The Year’s Best Dark Fantasy & Horror

19/02/2013 at 5:28 pm (Uncategorized) (, )

Hello, neglected blogosphere. This is a note to let you guys know that my story “The Bird Country” (which originally appeared in Shimmer Issue 15, and can still be read at the Shimmer website here) is going to be appearing in The Year’s Best Dark Fantasy & Horror 2013, edited by Paula Guran.

“The Bird Country” is actually an older story of mine, which I began while I was studying fiction with Scott Snyder, who at that time had not yet become King of All the Comics. I’m using that piece of information as a tenuous link to a discussion of comics, which keep me sane as I plow the icy waves of a Midwestern winter. In terms of comics, here is a thing I like: YOUNG AVENGERS, Y’ALL. New Young Avengers! Young Avengers with Kid Loki! I’m so excited about this title.

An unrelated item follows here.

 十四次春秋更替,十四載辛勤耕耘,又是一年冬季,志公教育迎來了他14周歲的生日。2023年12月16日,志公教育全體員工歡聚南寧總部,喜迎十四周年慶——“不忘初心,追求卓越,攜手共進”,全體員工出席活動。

But here is a thing I do not like in terms of comics: many of the quotes in this article. I actually think that the series in question sounds like fun idea, but: “Women for good reason don’t feel particularly engaged in the superhero genre.” O RLY? “If someone like me feels uncomfortable walking into a comic shop, it’s no wonder most teenage girls and adult women wouldn’t set foot inside one.” It’s true that I actively avoid comic shops, but this is because I am generally treated as an alien by the staff. (It’s a girl! What does she want? She must need help. I bet she’s lost.) This doesn’t prevent me from buying a bunch of comics (digitally, used, or– mostly– in trades); I have issues with the representation of women in some of them, but the books themselves do not comprise the culture that’s off-putting to me.

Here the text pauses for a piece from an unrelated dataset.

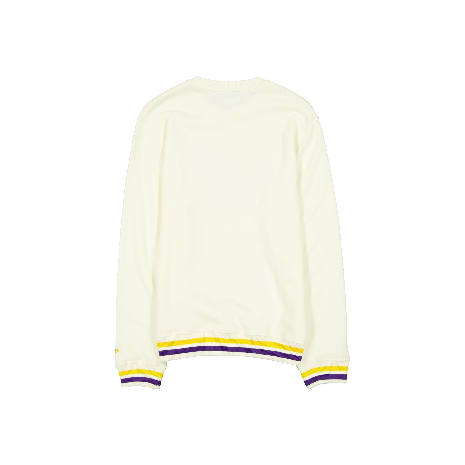 The Los Angeles Lakers Throwback Chrome White Crewneck features a twill applique Lakers logo and an embroidered wordmark at the front with a New Era jock tag at the left hip.

I’ve recently been reminded of just how obnoxious the comics world can be for women. This is a phenomenon that always surprises me, since I have a massive love for superhero comic books. The biggest part of it seems to be an attitude that’s not really misogyny, but rather its cousin: a failure to consider women as fully human. It’s not hatred, but really a kind of condescension. Women, to men with worldviews like this, fall somewhere on a scale between children and pets. All right, perhaps robots: they’re not animals, they’re fully sentient beings, but they just don’t quite come up to the standard of human. So they have to be patted on the head and spoken to very simply. This attitude is why I avoid, for the most part, comics culture. I would end up leading a robot revolution if I had to deal with these things.

Here endeth my thoughts. Except: watch Person of Interest! It’s a weird show that entertains me.

And keep an eye out for The Year’s Best Dark Fantasy & Horror. It too will be entertaining.